Canada also ranks last behind Spain (66 percent), Israel and Norway (58 percent), Ireland (56 percent), Belgium (50 percent), France (48 percent) and the United States (31 percent).

Canada has had a “relatively low” overall COVID-19 mortality rate compared to other OECD countries.

However, the proportion of deaths in long-term care, which includes retirement homes, is “double the OECD average”, according to data collected from 17 countries as of May 25.

Australia, Austria and Slovenia, which implemented “specific prevention measures” targeted at elderly care homes, including segregating units and wide screening for the illness, have registered “fewer COVID-19 infections and deaths.”

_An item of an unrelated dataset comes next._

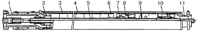 1 — головка; 2 — переводник; 3 — сепаратор; 4 — корпус; 5 — вал; 6 — решетка; 7 — направляющий аппарат; 8 — рабочее колесо; 9 — шнек; 10 — подшипник; 11 — основание.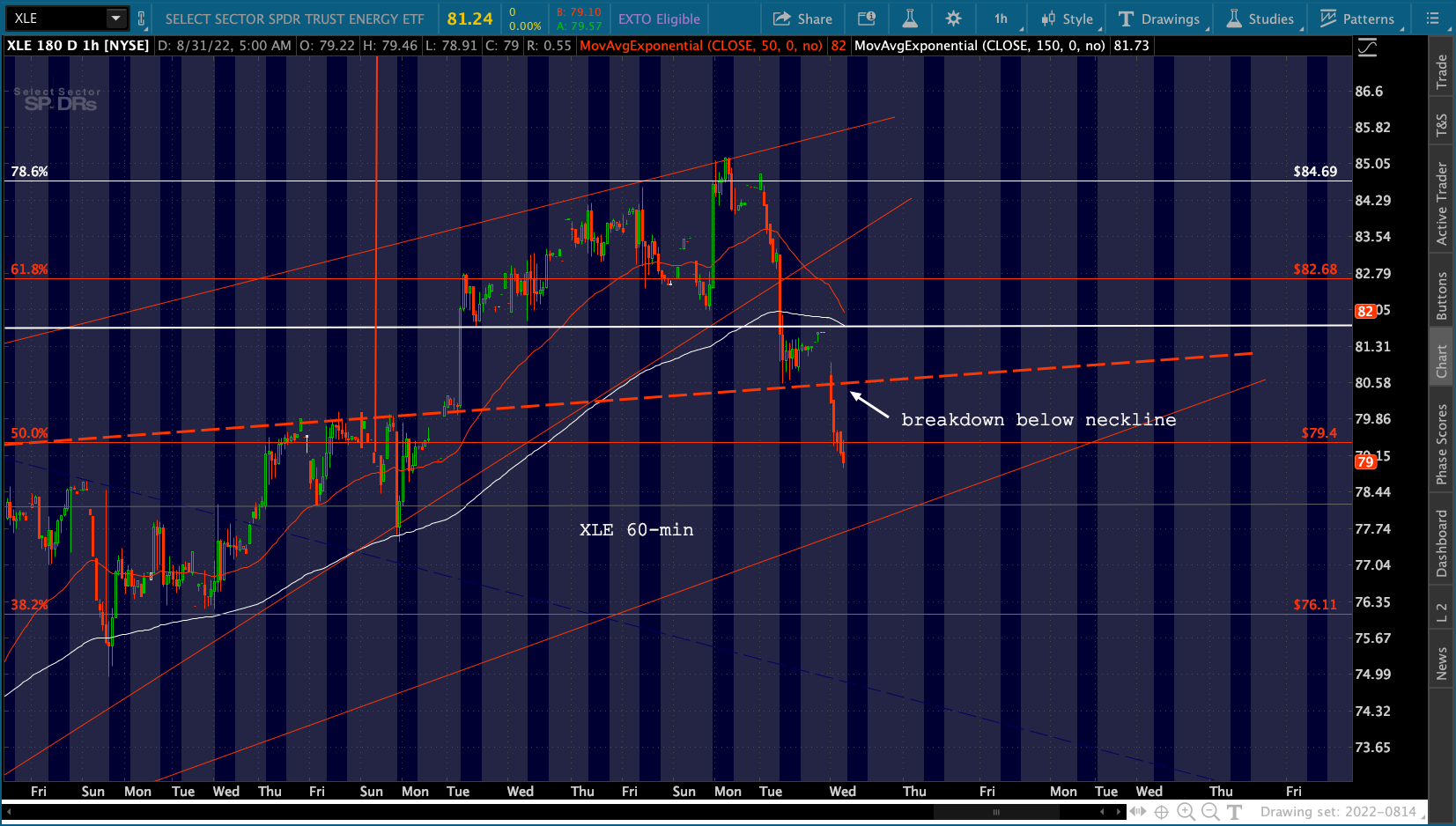 Now, on to oil and gas. The chart that recently caught my eye was the XLE. It recently completed an inverted H&S pattern promising new highs.

Conversely, Canada — like France, Spain and the United States — took more limited measures, according to the study.

“This report confirms what we all suspected: Canada is not taking care of our seniors as it should be,” said Canadian Prime Minister Justin Trudeau, calling on the provinces to do more to remedy this situation.

The Canadian army had to be called in to care for seniors at long-term care facilities in Quebec and Ontario due to a chronic shortage of staff, which was worsened by the pandemic.

The report notes that the proportion of seniors aged 65 years and up living in care homes in Canada is higher than the OECD average, and they tend to be older on average too.

Canada also had fewer nurses and personal support workers per 100 senior residents relative to other countries.

The report’s authors stressed the different testing and reporting standards across countries, as well as different definitions of long-term care homes, making direct comparisons difficult.